Поразительно: ты никогда не жаловалась. Двадцать пять лет прожила на свете и никогда ни на что не жаловалась Даже на зубную боль, которая терзала тебя беспрестанно.
Тут ты не в меня пошла, любящего и поныть, и брюзгливо посетовать на коварство судьбы (раньше любившего), а в мать. Как держится она! Как следит за собой! Зарядку по утрам делает...
Нет-нет, она не забыла тебя. Она ходит к тебе, но тайком, без меня - я видел ее там собственными глазами. По эту сторону ограды стояла она, подтянутая и моложавая, несмотря на седину, но почему - по эту? Почему внутрь не вошла? Я попятился. Торопливо и чуть ли не на цыпочках добрался до ближайшей боковой дорожки, свернул, снова свернул и лишь тут остановился. Достал платок, отер пот со лба...

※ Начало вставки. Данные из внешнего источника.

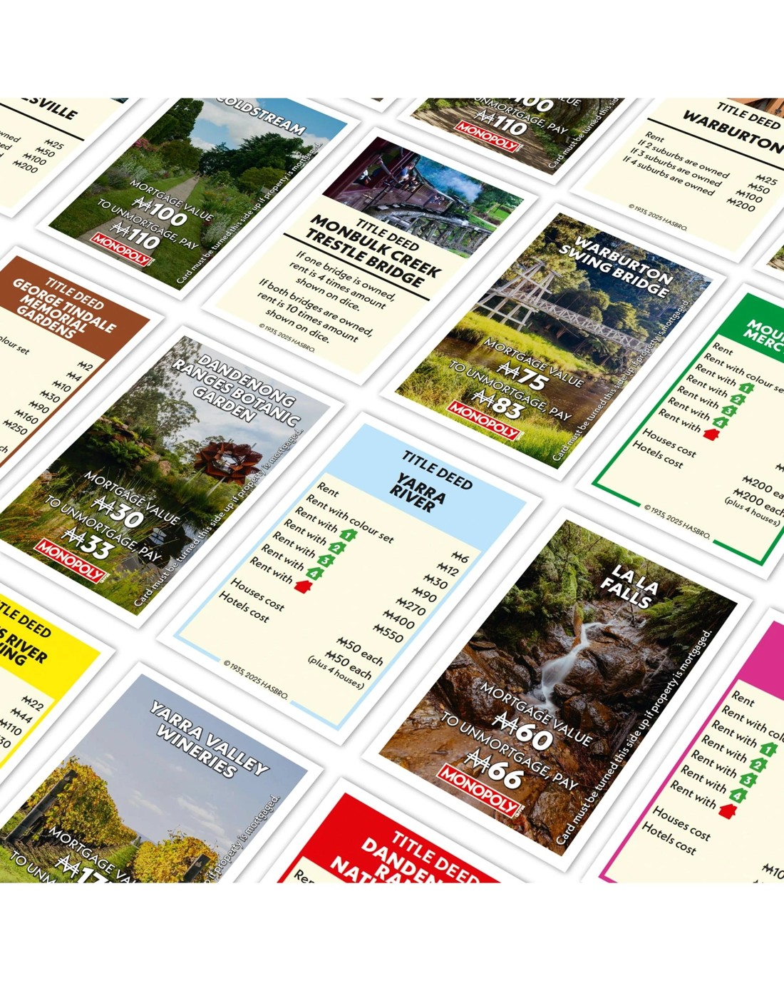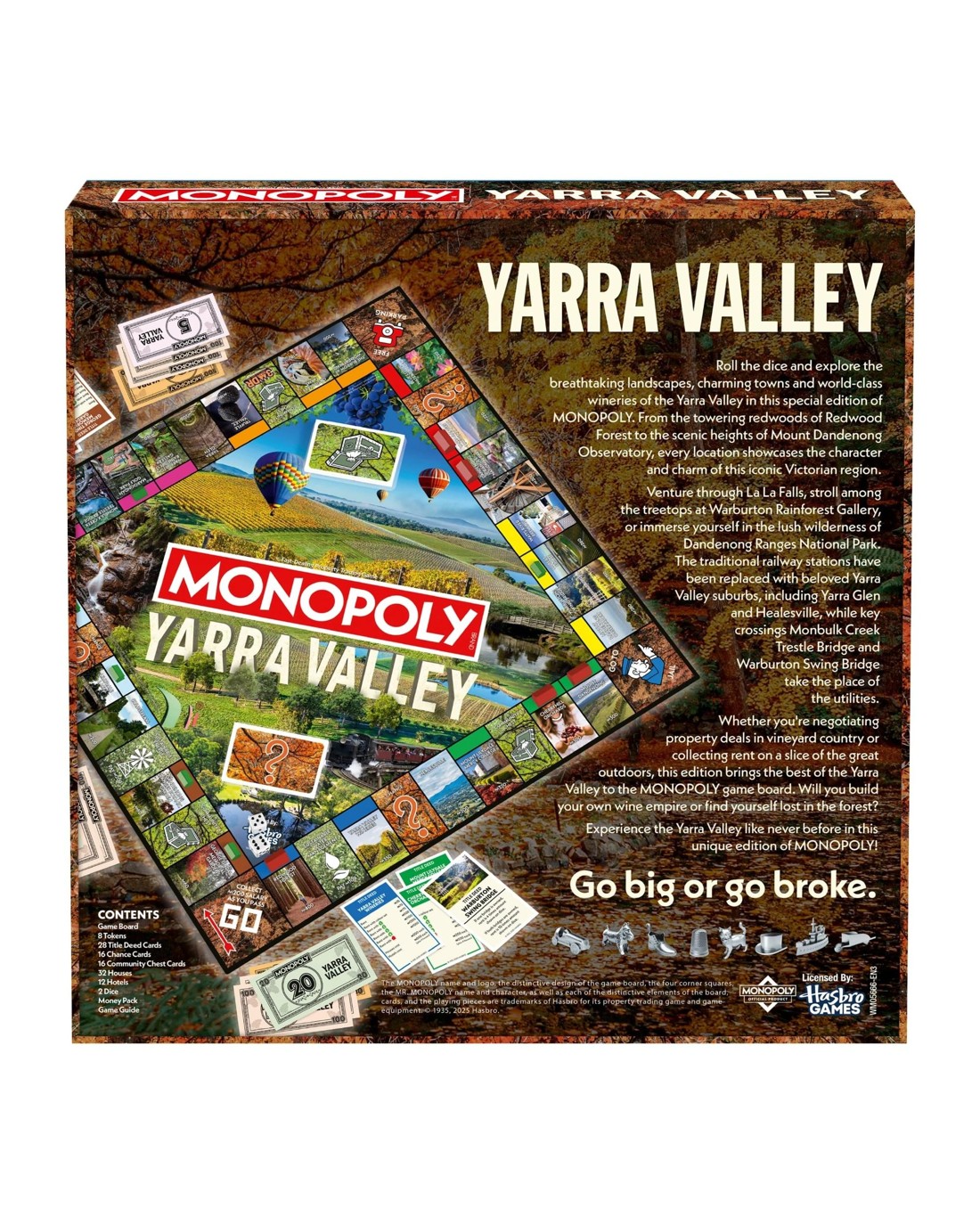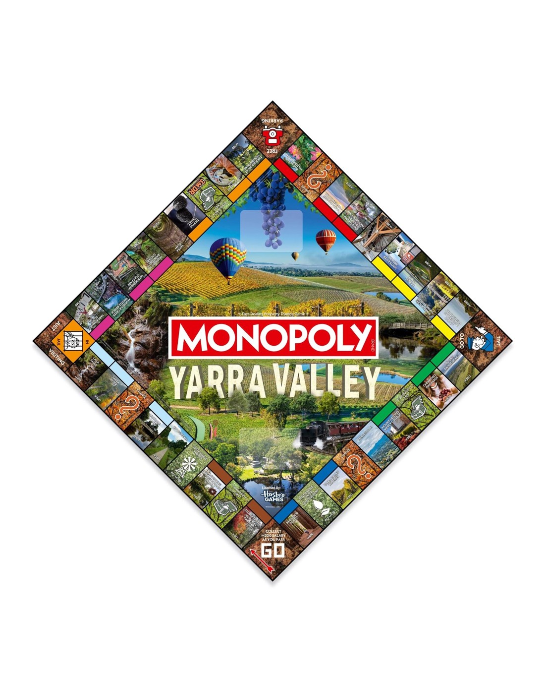 Explore Yarra Valley with this special edition of MONOPOLY. Take a tour of the city's most iconic destinations and businesses while you buy and sell your way to the top! As you move around the board you will find local utilities, landmarks, and fabulous attractions. The fun doesn't stop while exploring Yarra Valley! Ages: 8 + | Players: 2 - 6 | Playtime: 60 - 180 min
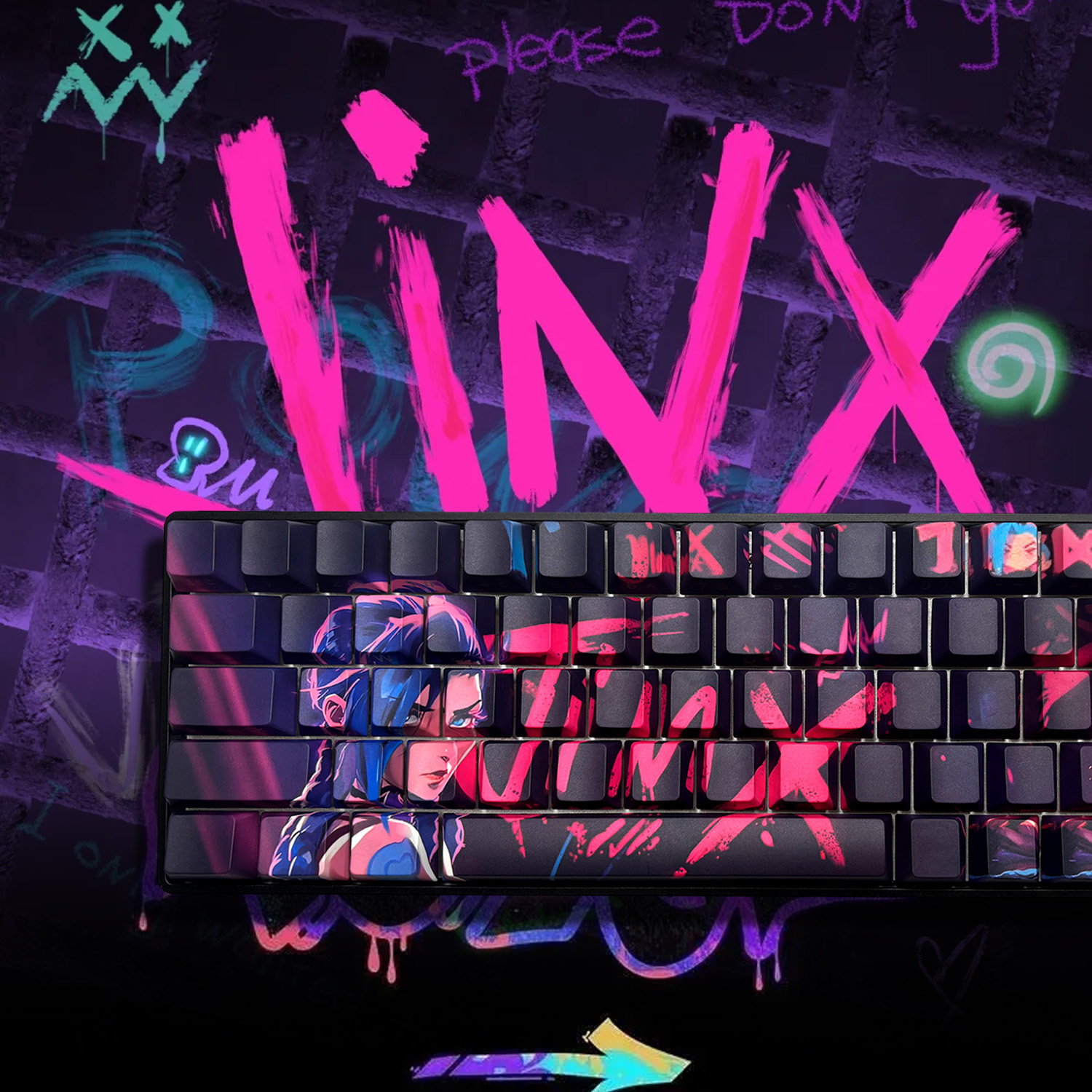 LOL金克丝双城之战侧刻透光机械键盘键帽PBT热升华游戏原厂高度

Не знаю, Катя, чего так испугался я. Если твой Вальда прав и страх это действительно боязнь потерять что-то, то какая здесь угрожала мне утрата?
Мы шли с ним между кустов желтой акации - вроде бы таких же, как всюду, и в то же время - иных. На полуразрушенном заборе сидели два голубя. "Как же избавиться от страха?" - произнес я осторожно, и он ответил: не иметь. Отказаться от всего - вот единственный способ почувствовать себя свободным.
Что значит от всего? И от жизни тоже? Этого случайно он не говорил тебе? Именно этого? "Я о Кате думаю",- сказал я, и он - не знаю, понял ли, нет ли - ответил: "У Кати другое было.- И прибавил после некоторого колебания:- Противоположное". А сам вперед смотрел - Упанишад в белой курточке и такой же белой кепке на лоснящемся лбу.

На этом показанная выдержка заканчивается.